### Dataset excerpts
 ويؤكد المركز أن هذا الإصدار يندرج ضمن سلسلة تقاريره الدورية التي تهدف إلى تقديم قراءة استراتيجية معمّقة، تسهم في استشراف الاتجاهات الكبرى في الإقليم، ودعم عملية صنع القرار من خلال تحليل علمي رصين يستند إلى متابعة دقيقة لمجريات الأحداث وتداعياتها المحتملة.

==

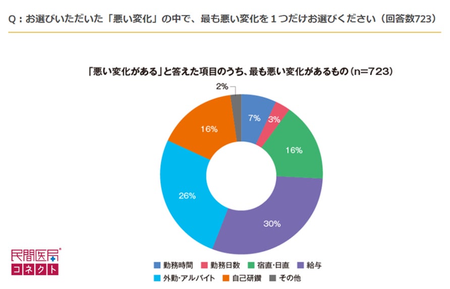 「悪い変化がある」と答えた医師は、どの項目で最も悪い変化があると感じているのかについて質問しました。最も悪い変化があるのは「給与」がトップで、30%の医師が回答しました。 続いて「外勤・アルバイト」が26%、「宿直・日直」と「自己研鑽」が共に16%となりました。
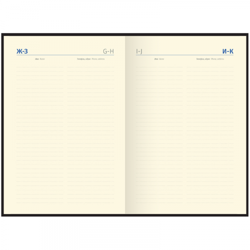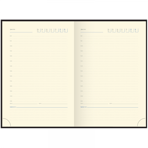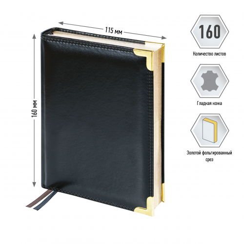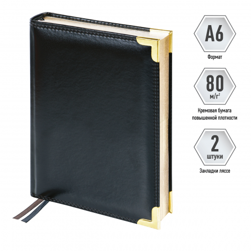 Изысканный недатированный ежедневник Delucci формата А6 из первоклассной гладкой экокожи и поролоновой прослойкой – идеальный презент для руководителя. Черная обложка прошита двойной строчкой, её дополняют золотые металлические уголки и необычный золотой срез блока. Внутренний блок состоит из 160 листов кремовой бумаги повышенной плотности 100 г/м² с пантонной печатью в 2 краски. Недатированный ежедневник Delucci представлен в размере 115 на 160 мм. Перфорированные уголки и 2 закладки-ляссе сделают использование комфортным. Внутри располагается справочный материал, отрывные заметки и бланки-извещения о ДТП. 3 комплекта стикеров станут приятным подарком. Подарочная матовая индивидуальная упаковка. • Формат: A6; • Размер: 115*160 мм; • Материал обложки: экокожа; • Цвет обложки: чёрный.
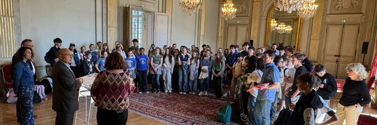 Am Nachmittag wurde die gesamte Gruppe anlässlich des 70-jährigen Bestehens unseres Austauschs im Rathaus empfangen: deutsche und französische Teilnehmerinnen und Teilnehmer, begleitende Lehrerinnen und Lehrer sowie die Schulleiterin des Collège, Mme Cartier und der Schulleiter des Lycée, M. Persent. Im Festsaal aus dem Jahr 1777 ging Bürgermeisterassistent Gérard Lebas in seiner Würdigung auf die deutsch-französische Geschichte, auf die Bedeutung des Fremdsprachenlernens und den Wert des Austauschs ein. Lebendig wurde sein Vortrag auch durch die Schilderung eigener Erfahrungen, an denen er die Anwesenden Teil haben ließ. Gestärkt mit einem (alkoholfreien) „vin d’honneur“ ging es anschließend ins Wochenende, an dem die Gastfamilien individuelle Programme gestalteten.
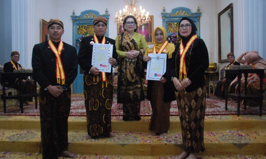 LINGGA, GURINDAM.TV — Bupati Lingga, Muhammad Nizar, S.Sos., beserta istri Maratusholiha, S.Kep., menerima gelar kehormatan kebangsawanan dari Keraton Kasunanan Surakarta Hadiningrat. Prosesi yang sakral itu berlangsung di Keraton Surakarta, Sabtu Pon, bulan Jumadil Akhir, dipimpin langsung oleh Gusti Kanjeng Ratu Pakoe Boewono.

--

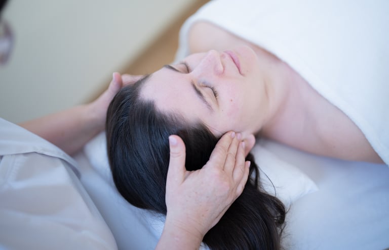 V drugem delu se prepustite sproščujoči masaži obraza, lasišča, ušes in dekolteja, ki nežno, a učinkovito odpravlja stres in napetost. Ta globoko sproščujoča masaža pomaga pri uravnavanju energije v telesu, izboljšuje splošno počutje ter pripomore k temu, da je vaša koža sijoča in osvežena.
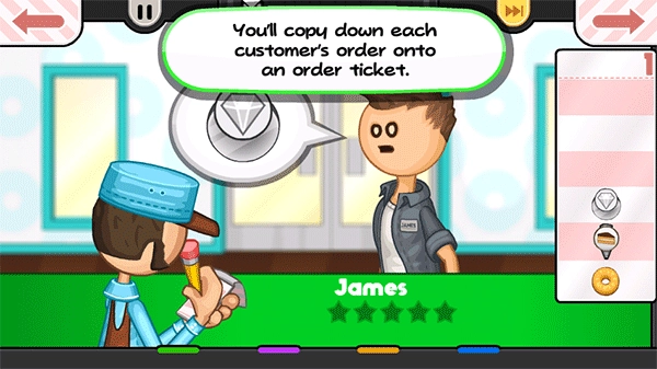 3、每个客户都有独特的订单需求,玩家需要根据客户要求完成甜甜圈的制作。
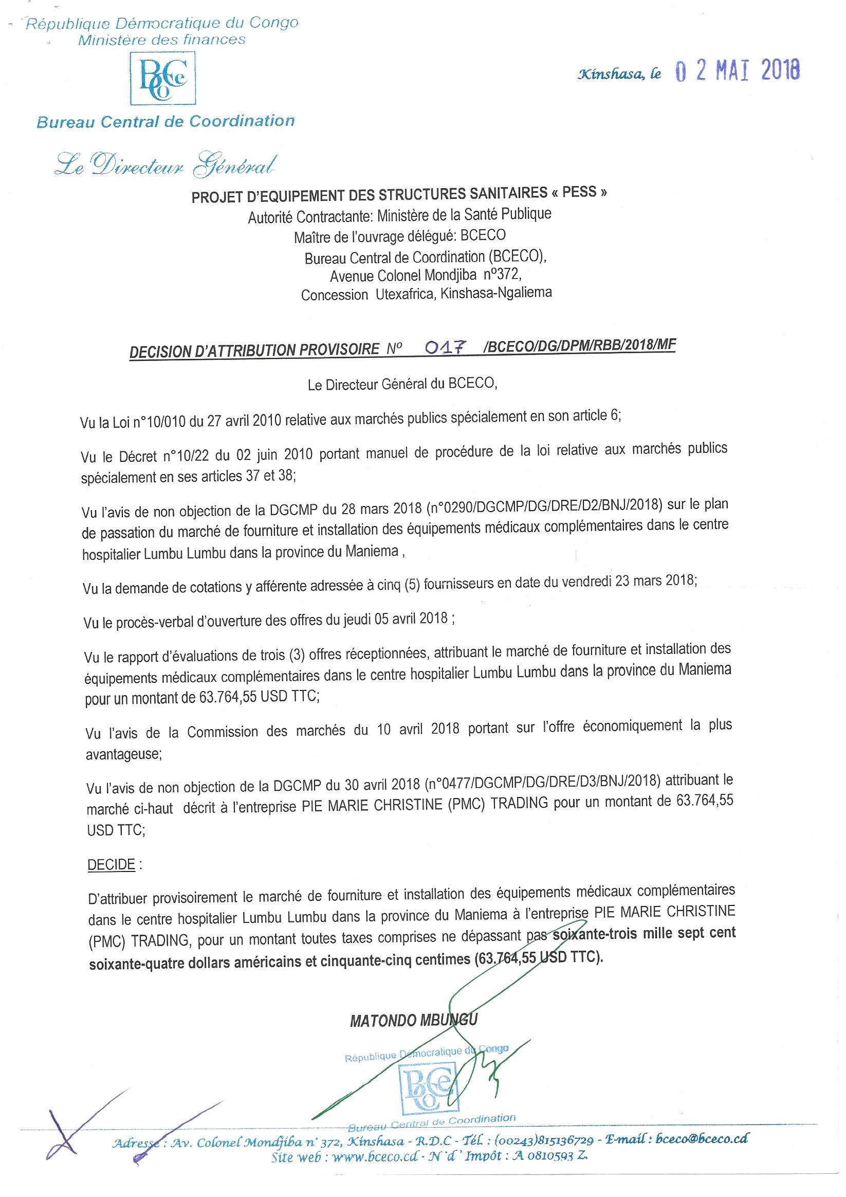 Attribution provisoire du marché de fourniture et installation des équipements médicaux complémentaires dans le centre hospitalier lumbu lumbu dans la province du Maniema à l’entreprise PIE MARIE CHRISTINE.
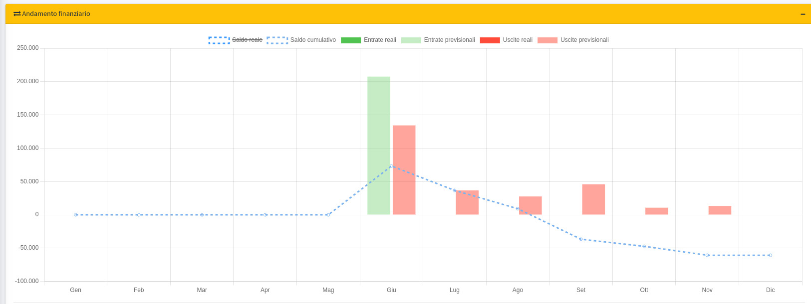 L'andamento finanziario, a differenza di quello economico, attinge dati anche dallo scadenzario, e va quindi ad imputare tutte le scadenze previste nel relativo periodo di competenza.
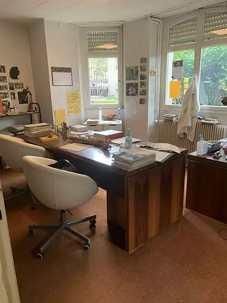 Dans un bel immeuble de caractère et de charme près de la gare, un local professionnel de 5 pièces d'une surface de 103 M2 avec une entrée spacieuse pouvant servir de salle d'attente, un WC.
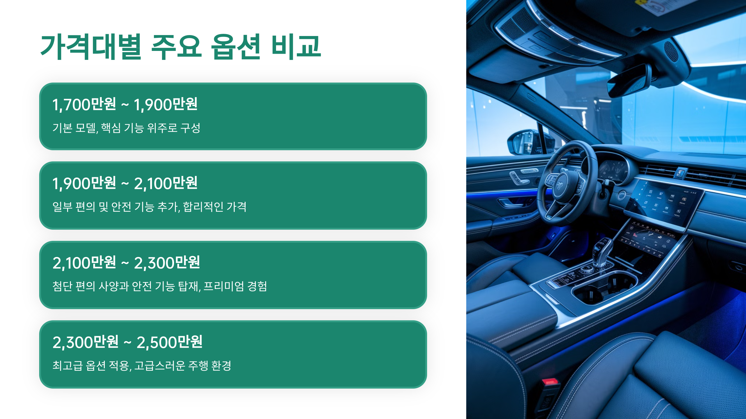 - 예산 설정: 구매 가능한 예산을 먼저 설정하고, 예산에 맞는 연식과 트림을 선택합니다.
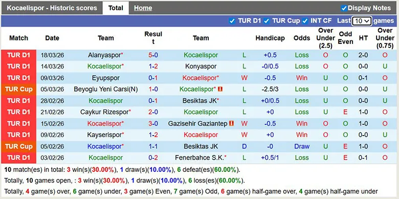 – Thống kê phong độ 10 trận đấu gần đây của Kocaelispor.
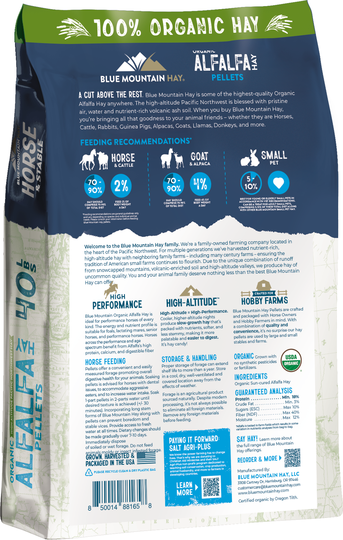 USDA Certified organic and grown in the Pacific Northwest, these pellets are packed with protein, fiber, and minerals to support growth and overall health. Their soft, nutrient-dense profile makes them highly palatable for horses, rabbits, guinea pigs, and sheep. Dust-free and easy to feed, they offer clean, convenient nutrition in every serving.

### Work instructions
Within the entries above, the lines from the one containing "Dans un bel" through the one containing "USDA Certified organic" are to be transcribed exactly, ends included, pictures excluded.

### Reply
 Dans un bel immeuble de caractère et de charme près de la gare, un local professionnel de 5 pièces d'une surface de 103 M2 avec une entrée spacieuse pouvant servir de salle d'attente, un WC.
 - 예산 설정: 구매 가능한 예산을 먼저 설정하고, 예산에 맞는 연식과 트림을 선택합니다.
 – Thống kê phong độ 10 trận đấu gần đây của Kocaelispor.
 USDA Certified organic and grown in the Pacific Northwest, these pellets are packed with protein, fiber, and minerals to support growth and overall health. Their soft, nutrient-dense profile makes them highly palatable for horses, rabbits, guinea pigs, and sheep. Dust-free and easy to feed, they offer clean, convenient nutrition in every serving.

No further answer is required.